Skip to main content
feedback

Document Parsing

Basic Introduction

Document parsing refers to the technology of extracting valuable information and content from various formats of documents through artificial intelligence models. Its core task is to convert unstructured or semi-structured document content into structured data, facilitating subsequent analysis and processing. Document parsing technology is widely applied in fields such as knowledge base construction, data mining, and information retrieval.

Currently, the document parsing models available on Model Plaza include: PDF-Extract-Kit

PDF-Extract-Kit

PDF-Extract-Kit is specifically designed to efficiently extract high-quality content from various complex PDF documents. It features the following:

  • Accurately restores the layout of the original document.
  • Outputs content in Markdown format for easy reading.
  • Segments output content by page and semantic logic.
  • Recognizes mathematical formulas.
  • Recognizes tables.
  • Supports multilingual recognition.

Applicable scenarios:

  • Knowledge bases and datasets: Directly used in AI scenarios such as RAG, fine-tuning, and machine learning.
  • Enterprise document digitization: Extracts information from traditional paper document images or scanned documents to enhance enterprise management digitization capabilities.
  • Multilingual document processing: The interface supports text recognition in multiple languages and can automatically distinguish languages in documents.
  • In scientific research, particularly in mathematics, physics, engineering, and other disciplines, it is suitable for recognizing mathematical formulas and complex tables in documents.
  • Online document services and SaaS applications, providing one-stop document parsing, format conversion, and content extraction services.

Usage Method

You can click PDF-Extract-Kit for free online experience. The following is an example of code invocation.

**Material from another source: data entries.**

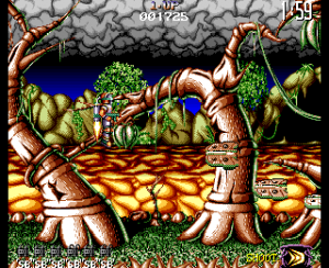 The title can be a bit confusing. This isn’t like with TMNT 2 where it was a port of an arcade game onto the home console system, but rather it refers to the game itself being more straight forward and emphasis on run and gun action. Due to the technical differences between SNES and Genesis, there was no way to do the Mode 7 effects as well as not being able to do the parallax scrolling on the level SNES could so Loriciel decided to yet again rebrand and retool the game. While the first stage is more or less the same as the other games, there are many additional shooter stages to make up for the loss of the overhead stages. Enemies are slower and fewer and the powerups have been scattered around the stage more evenly. Despite being most likely the easiest and therefore most fun Jim Power game to be, it was ironically not released due to financial problems.
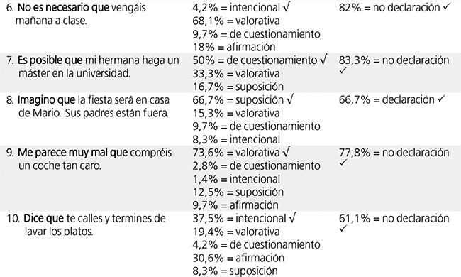 El ítem 6 contenía una matriz intencional en forma negativa. Las matrices intencionales indican deseos u objetivos por parte del hablante o sujeto, por lo que en forma negativa indican lo contrario, un deseo u objetivo que no se quiere o no se necesita realizar. Es muy probable que el hecho de que estuviera en forma negativa confundiera a la mayoría de los participantes y decidieran que se trataba de una valorativa, contexto más elegido por los mismos en cuanto surgían dudas a la hora de clasificar los ítems no declarativos, como se ha mencionado previamente. Por otra parte, las profesoras participantes también lo relacionaron con una valorativa en un principio. Esto se puede deber a que, dentro del enfoque tradicional, estas matrices se han identificado en muchos casos con valoraciones (Llopis-García, Real Espinosa y Ruiz Campillo, 2012: 91-92). Sin embargo, es importante señalar, que, incluso en este caso, una gran parte de los participantes (82%) reconocieron esta matriz como no declarativa de manera adecuada.
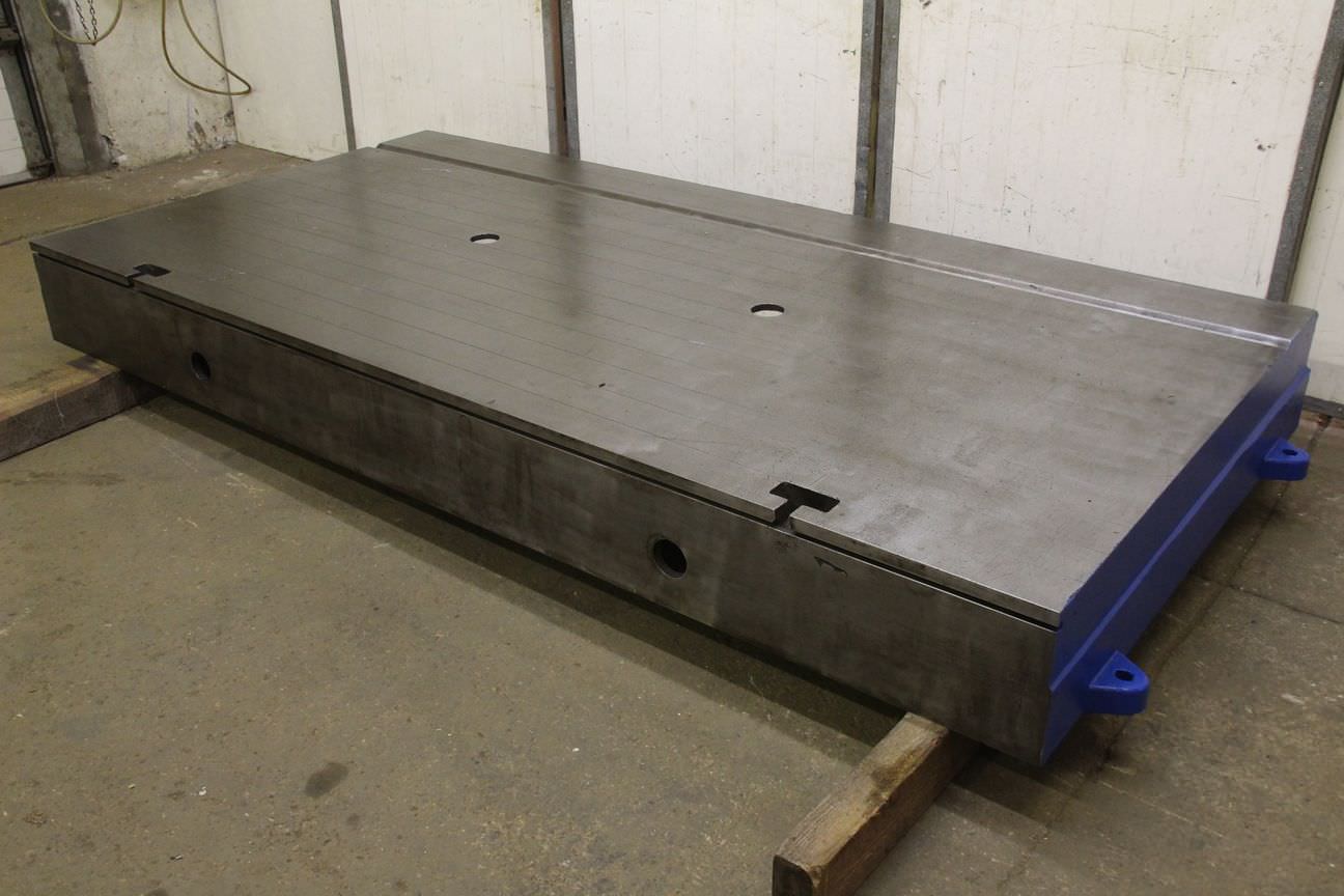 Mounting plate, scribing/marking plate, measuring plate, measuring table, welding table, welding table, straightening plate -Plate: has a prism and scribing lines -1x Front side: with T-slot -Width: 1495 mm -Length: 3000 mm -Height: 302 mm -Sheet thickness: 80 mm -Plate: is equipped with supporting ribs -Number: 2x plates available -Price: per piece -Transport dimensions: 3170/1580/H302 mm -Weight: 2100 kg/piece

  curl https://moark.ai/v1/async/documents/parse \
-X POST \
-H "Authorization: Bearer Your access token" \
-F "model=PDF-Extract-Kit-1.0" \
-F "is_ocr=true" \
-F "formula_enable=true" \
-F "table_enable=true" \
-F "layout_model=doclayout_yolo" \
-F "file=@path/to/file.pdf"

Parameter Description:

  • Private token: Used to verify the identity of the caller. Click Access Token to obtain it.
  • model: Fill in PDF-Extract-Kit-1.0 to use the specified large model.
  • file: The file to be parsed.
    • Supported file formats: pdf, png, jpg, gif, docx, pptx
    • File size limit: 100MB
  • is_ocr: Whether to enable OCR. If set to false, text in images will not be recognized.
  • include_image_base64: When enabled, the response markdown will embed base64 images; otherwise, images will be uploaded to cloud storage and provided with temporary links, which are valid for only 7 days.
  • formula_enable: Whether to enable formula recognition.
  • table_enable: Whether to enable table recognition.
  • language: Specifies the text language to improve recognition accuracy. The default is automatic recognition if not filled in. Optional languages: ch, en, korean, japan, chinese_cht, ta, te, ka, latin, arabic, cyrillic, devanagari.
  • end_pages: The number of pages to process, i.e., process the first N pages.
  • layout_model: Layout analysis model. During parsing, the document layout will be analyzed, and different models affect the generation quality. Optional:
    • doclayout_yolo (default, faster and more accurate)
    • layoutlmv3 (more stable)

Usage Example

image-20250114152140833

This interface is asynchronous. You need to submit the task first, obtain the task ID, and then poll for the execution result based on the ID. After submitting the task via CURL, the response will be:

{
"task_id": "AAC2KETEYJVKER04U6RNMHJTOGLVEG1B",
"status": "waiting",
"created_at": 1742885184998,
"urls": {
"get": "https://moark.ai/api/v1/task/AAC2KETEYJVKER04U6RNMHJTOGLVEG1B",
"cancel": "https://moark.ai/api/v1/task/AAC2KETEYJVKER04U6RNMHJTOGLVEG1B/cancel"
}
}

Then obtain the final execution result using the task_id:

curl https://moark.ai/v1/task/AAC2KETEYJVKER04U6RNMHJTOGLVEG1B/
--header 'Authorization: Bearer Your access token'
{
"task_id": "AAC2KETEYJVKER04U6RNMHJTOGLVEG1B",
"output": {
"segments": [
{
"index": 1,
"content": "# First paragraph xxxx"
},
{
"index": 2,
"content": "# Second paragraph xxxx"
}
]
},
"status": "success",
"created_at": 1742885185000,
"started_at": 1742885188000,
"completed_at": 1742885190000,
"urls": {
"get": "https://moark.ai/api/v1/task/AAC2KETEYJVKER04U6RNMHJTOGLVEG1B",
"cancel": "https://moark.ai/api/v1/task/AAC2KETEYJVKER04U6RNMHJTOGLVEG1B/cancel"
}
}

When the status in the response changes to success, the parsing is successful. output is the parsing result, and segments are the segmented parsing results, divided based on page or semantic logic.